Anyone who goes grocery shopping knows that a kilo of chicken breast costs a lot more than a couple of tins of lentils.

That doesn’t mean you have to go vegetarian, though.

“Incorporate some meat-free days into your diet,” Ms Devine advised.

“Feeding a family can be extremely expensive. By opting for some affordable vegetarian options you can shave a decent amount of money off your weekly grocery bill.

“Get creative in the kitchen and make the most of cheap ingredients like meat, beans and veg.”

As well as what you eat, she recommended looking at where you’re buying your food.

“Try shopping at ALDI or bulk food stores. One of my community members saves $5000 a year just by shopping at ALDI,” Ms Devine revealed.


One person’s trash is another person’s treasure, and Ms Devine recommends taking the things that are cluttering up your home and selling them online.

“There are a plethora of amazing ways you can sell items online in 2020: Facebook Marketplace, Gumtree, eBay,” she said.

“Even if you think it’s not worth selling, give it a go. You can put any money earned straight into savings.”

Online surveys are another quick way to score some easy cash.

“They vary in what they pay, but you might score $10 for one, which you can put straight into your Christmas funds,” she said.

That might not sound like much, but if you do three online surveys a month for the year, you’ll have an extra $360 to splash out at Christmas.

If online surveys don’t float your boat, side hustles could be another way to earn extra cash.

“Get on Airtasker and pick up some pocket money,” Ms Devine urged.


Now you’ve started raking in the cash, don’t put it in a regular spending account or it will quickly disappear.

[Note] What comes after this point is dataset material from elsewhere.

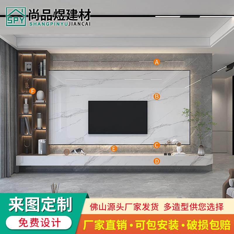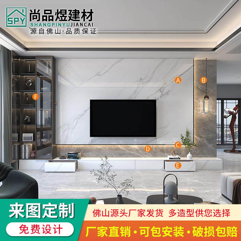 微晶石悬空岩板电视背景墙大理石瓷砖客厅现代简约实木格栅影视墙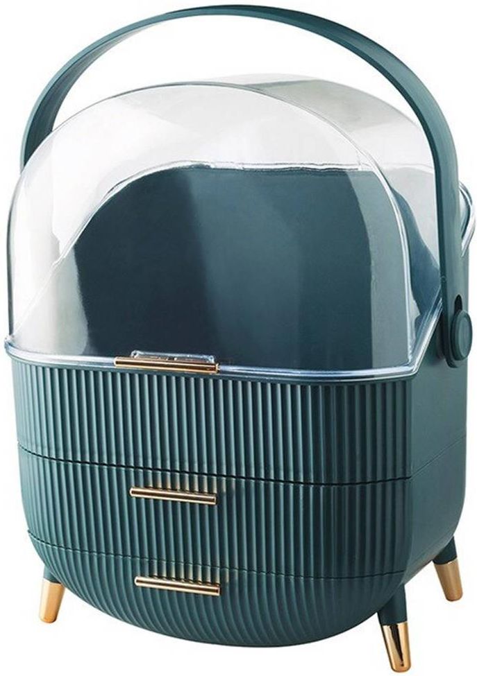 Organizer szkatułka na kosmetykiPraktyczny organizer na kosmetyki, biżuterię lub inne akcesoria dla każdej kobiety. Charakteryzuje się pojemnymi szufladkami oraz dużą gablotką na perfumy, balsamy lub kremy. Pozwoli zachować ład i porządek w podręcznych drobiazgach. Organizer wykonany został z akrylu w modnym kolorze, dodatkowo elementy w kolorze złotym sprawiają, że produkt prezentuje się ekskluzywnie. Przeźroczyste wieko pozwala z łatwością odnaleźć potrzebny kosmetyk. Znajdzie wiele możliwości zastosowania w naszym domu.Główne cechy produktu: Wykonana z wysokiej jakości plastiku Uporządkuje Twoje kosmetyki Ekskluzywny wygląd Solidne wykonanie Dwie szufladki Zajmuje mało miejsca Pomieści wiele najpotrzebniejszych drobiazgów Zestaw zawiera: Fabrycznie nowy organizer na kosmetyki Oryginalne opakowanie Specyfikacja: Organizer kosmetyki - MK-G1.G (okrągły z rączką) Stan: Nowy Model: G1 Kod producenta: CBXG1 Materiał: Akryl Kolor dominujący: Zielony Szerokość: 25 Wysokość: 34 Głębokość: 18

“Have a separate Christmas savings account so you’ll be less likely to touch it,” Ms Devine said.

“There are some really cool banks these days like Up Bank where you can create really clear saving goals and see how close you are to reaching your ideal savings amount in a fun and visual way.”


Besides budgeting and bringing in more cash, planning ahead is also a good way to stay on top of Christmas spending.

“Make a Christmas gift list and take note of when your kids or a family member says they’d love a certain something,” Ms Devine said.

“You might see it on sale during the year and be able to grab it at a discount. This will also help you avoid the dreaded Christmas Eve shop where you overspend on toys to fill the stocking because you ran out of time.

“A little bit of organisation goes a long way.”


What happened to the days when kids and adults created handmade presents? There’s been a resurgence of the handmade, so that lovingly crafted gifts are no longer daggy.

“Last year my family implemented a homemade, handmade or second-hand rule for Christmas with a limit of $50,” Ms Devine said.

“It was fun. We bought a second hand children’s kitchen on Gumtree for $40, which my niece and nephew adore.”


It’s easy to get caught up in the fun and generosity (and anxiety and overspending) of the season.

Ms Devine said writing down your plan is the key to staying on track.

“We are brainwashed to spend, spend, spend so it can be really hard to resist the urge to splurge,” she said.

“Think about how many people you need to buy for and how much you want to spend on each person.

“Consider how much the food will cost. What about the wine? The tree?

“There’s a lot to think about, but by writing it down and establishing how much you need to save to pull it off, it will be easy to create and stick to your savings goals.”